*Task objective*.
Work out how many lines in the material below hold "from", then give only that number.

*Dataset records*.

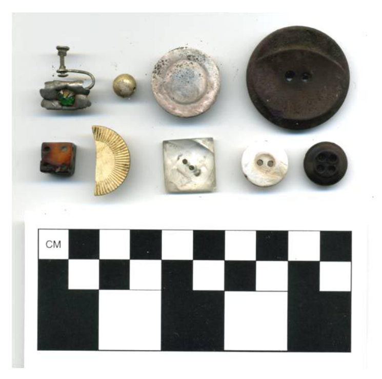
Figure 6: Buttons, Jewelry, Dice, and a Poker Chip from the 2006 Excavation Season

Artifacts that could be directly associated with the 1890s to 1910s female boardinghouses were few. Written documentation does not support or disprove the theory that some or all of these female boardinghouses were houses of prostitution. Previous archaeological studies of bordellos have documented artifact patterns with higher frequencies of lamp glass, personal items (e.g., clothing fasteners, cosmetics, jewelry, grooming items), and a higher socioeconomic pattern in foodways and ceramics than the surrounding neighborhood (Seifert 1991, 2005; Cheek and Seifert 1994). Examples of lamp glass and personal items were collected from this site, but not in the quantity found from previous bordello studies (Figure 6). Similarly, analysis of the ceramics and foodways do not indicate higher status levels.
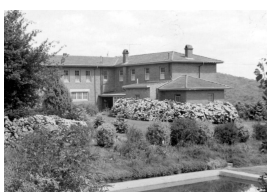
Mt Gibraltar, with swimming pool

Description: This is a digital copy of an image published in an article in the Southern Highland News on 7 September 2015.
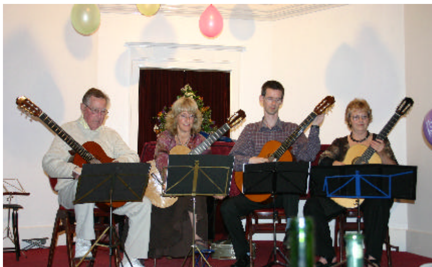
The Gala Quartet visit a Persian Market
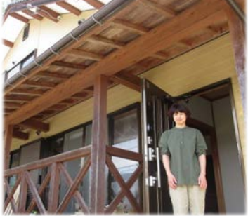
Experience of traditional style weaving in a rural house, Oct. 5th (Sat)
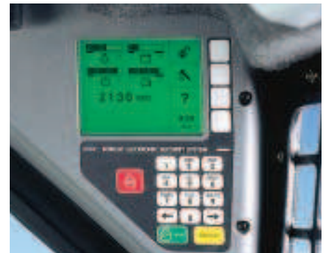
Optional Deluxe Instrument Panel

State-of-the-art instrument panels provide dozens of operational features, diagnostics and monitoring. Optional deluxe instrument panel includes keyless start security system, feature lockouts, digital time and job clocks, multi-language display, even a "help" menu.
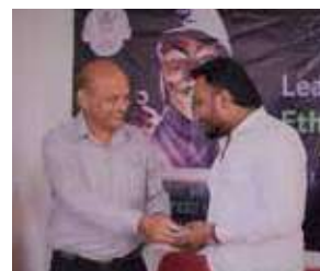
Professors, HODs and Teachers of 25+ Engineering Colleges
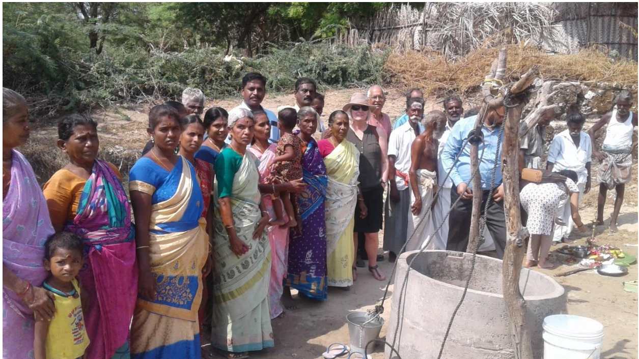
Village group posing for photograph
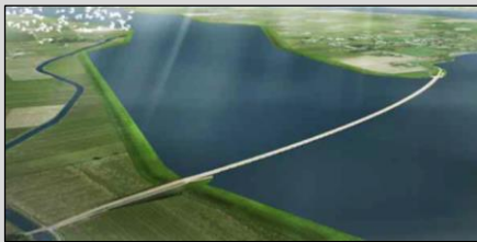
Inlet of the bypass (bottom), and the IJssel River (top) with city of Kampen in background.
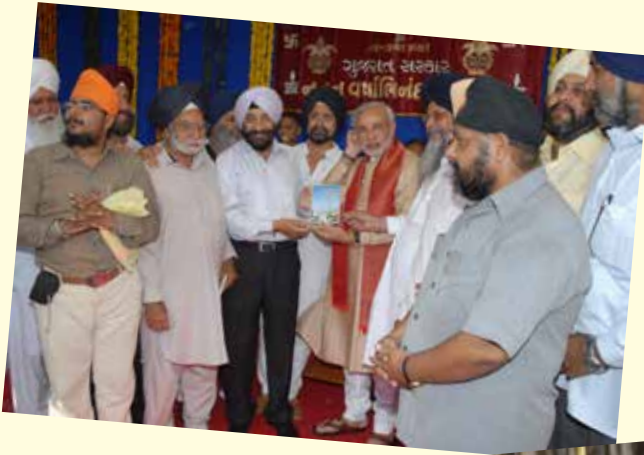
Narendra Modi accepting a memento from Sikh community representatives as Chief Minister of Gujarat during a Gujarati New Year function
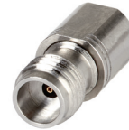
CASE STYLE: LL2592-2
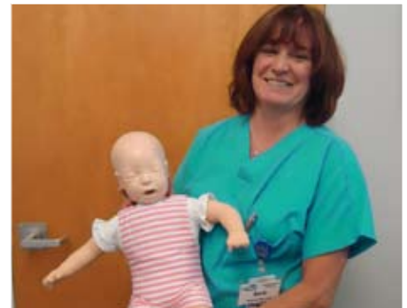
Baby Anne Dolls used for CPR training
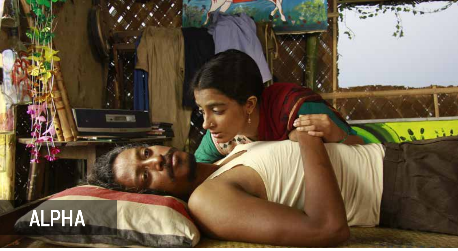
Master/ 87 mins/ Bangladesh
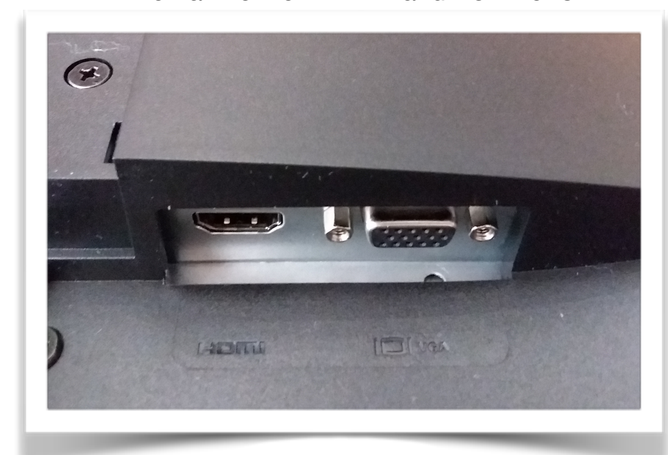
USB-C to HDMI
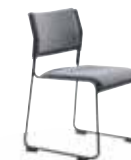
stack chair with cushion TS37101, TS31702 upholstered seat and back
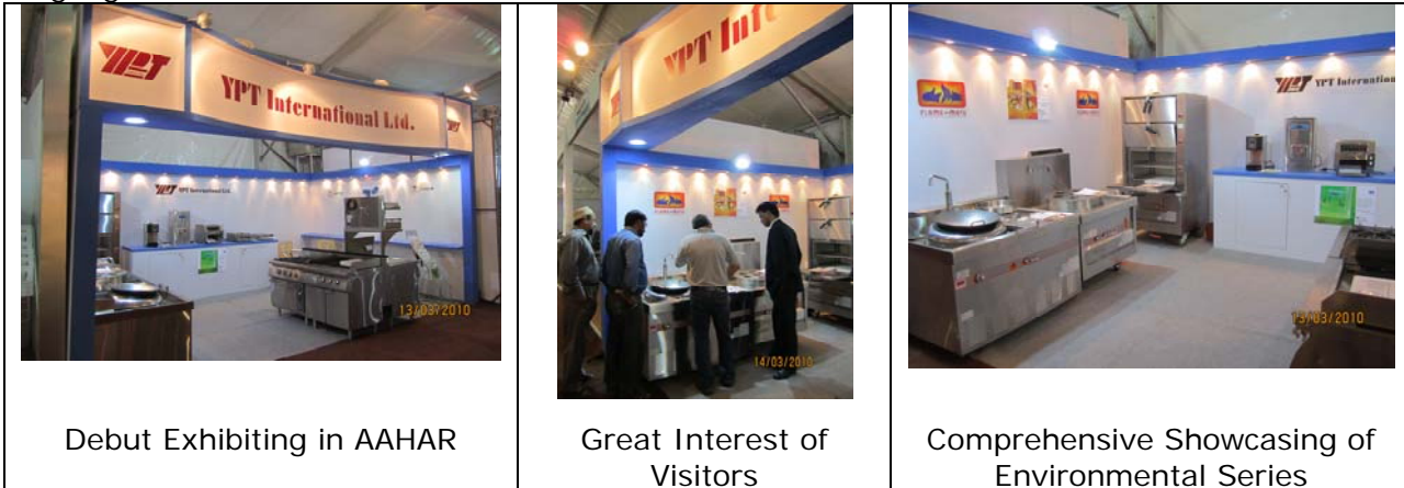
Debut Exhibiting in AAHAR

*Exercise answer*.
3